Robert Bryan was executed on June 8 2004

Robert Bryan Case

Wilma Wykoffe wiped tears from her eyes. “I didn’t understand most of what he said,” she said to no one in particular as she walked by the four windows above five rows of cinder blocks that separated witnesses from the execution chamber of Oklahoma State Penitentiary. “I did hear him say he’d made peace with his maker.” Wykoffe, joined by her husband and four others, had just witnessed her brother’s execution. Robert Leroy Bryan was pronounced dead at 7:24 p.m. Tuesday, less than 45 minutes after the U.S. Supreme Court turned down a request for a stay of execution.

Bryan, 63, had argued that he was incompetent to be executed; an argument turned down earlier in the day by a federal district judge and the U.S. 10th Circuit Court of Appeals.

Convicted of killing his aunt, Mildred Inabell Bryan, in 1993, Bryan had hinged his last hopes to avoid execution on a claim that he did not understand why he was to be executed. However, U.S. District Judge David L. Russell found that Bryan did understand and was therefore eligible for execution – the same finding reached by the federal appeals court and the Supreme Court later in the day. The nation’s high court delayed the execution, initially scheduled for 6 p.m., for an hour as it considered Bryan’s claim. That delay caused some consternation to Mildred Bryan’s family members, who had traveled to OSP to witness the execution. “I had trouble thinking of him as a person because of what he put my mother through,” said Linda Daley, Mildred Bryan’s daughter.

Daley’s mother had last been seen on Sept. 11, 1993. Her body was found Sept. 16 in a field near Robert Bryan’s home; a pillowcase over her head. She’d been shot between the eyes. Robert Bryan was “my father’s nephew,” Daley said, adding that the inmate’s family hadn’t been close to the rest of the Bryan clan since the 1950s. The inmate was a diabetic described by many who knew him as a “manipulator” who used his illness to gain sympathy. Jan Warren, the deputy district attorney who prosecuted Bryan at trial, said during his clemency hearing, “Have you heard the term sociopath? Mr. Bryan is the closest thing to a sociopath I’ve ever seen.”

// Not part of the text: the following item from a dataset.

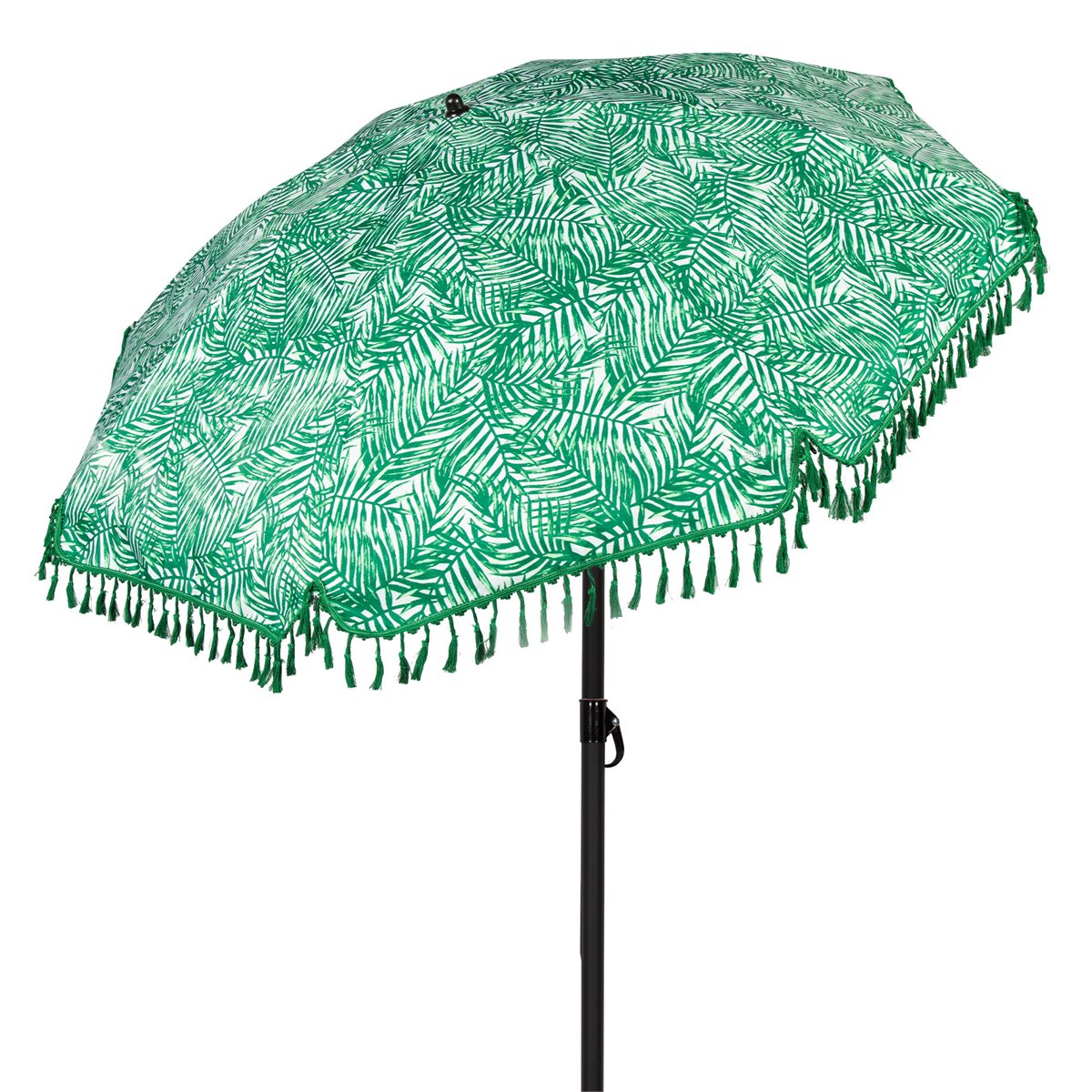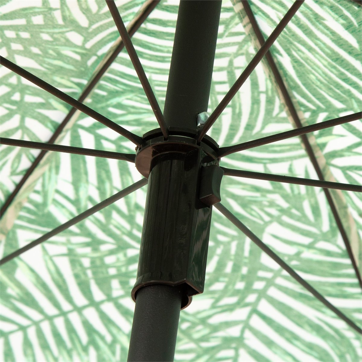 Aproveite o verão com o guarda-sol de praia de 180 cm, projetado com estampa de samambaia tropical e franjas decorativas elegantes para um estilo único e sofisticado. Seu mastro de aço de 22/25 mm oferece grande resistência e estabilidade, além de contar com sistema de inclinação ajustável para regular a sombra em função do sol. Feito em poliéster com proteção UV30, protege dos raios solares e prolonga sua durabilidade. Com estrutura de 8 nervuras, garante maior firmeza e resistência ao vento. Inclui também um saco de transporte correspondente, ideal para levá-lo confortavelmente para a praia ou para qualquer escapadela.

As he lay on the gurney in the state’s execution chamber, Bryan never looked toward the room in which his sister and brother-in-law, attorney Bob Nance, four reporters and others sat – much less at the one-way glass that shielded 12 of Mildred Bryan’s family members and friends from view. With his head facing OSP Warden Mike Mullin, most of Bryan’s last words were unintelligible, but witnesses clearly heard him say “I have been on death row for some time. I’ve made peace with my maker. “I’ll be leaving here shortly. “I hope I’ll see you on the other side. Until then, so long.”

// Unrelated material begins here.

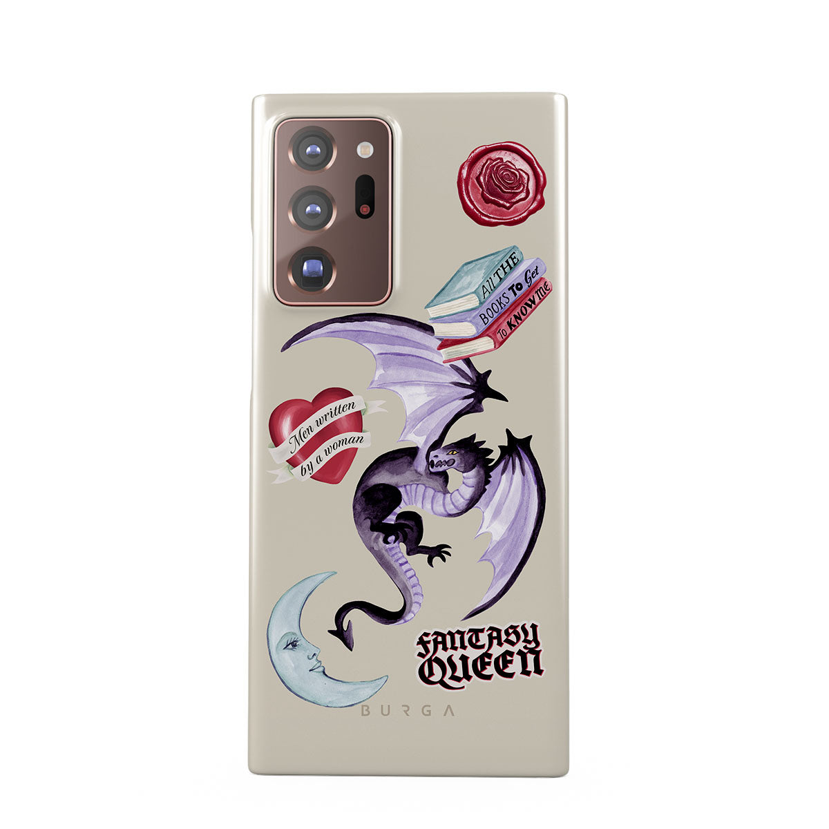 Questo design include: drago viola, sticker "Fantasy Queen", luna crescente, sigillo di cera viola, cuore con messaggio, libri.

As Wykoffe sobbed against her husband’s shoulder, Bryan’s abdomen rose one time before he gave a loud snort. Three minutes later he was pronounced dead. “I feel like a chapter in my family’s life can go on now,” Daley said. “We can think more about our mother than the monster. Š It will be nice to know we don’t have to look to any more procedures in the legal system.”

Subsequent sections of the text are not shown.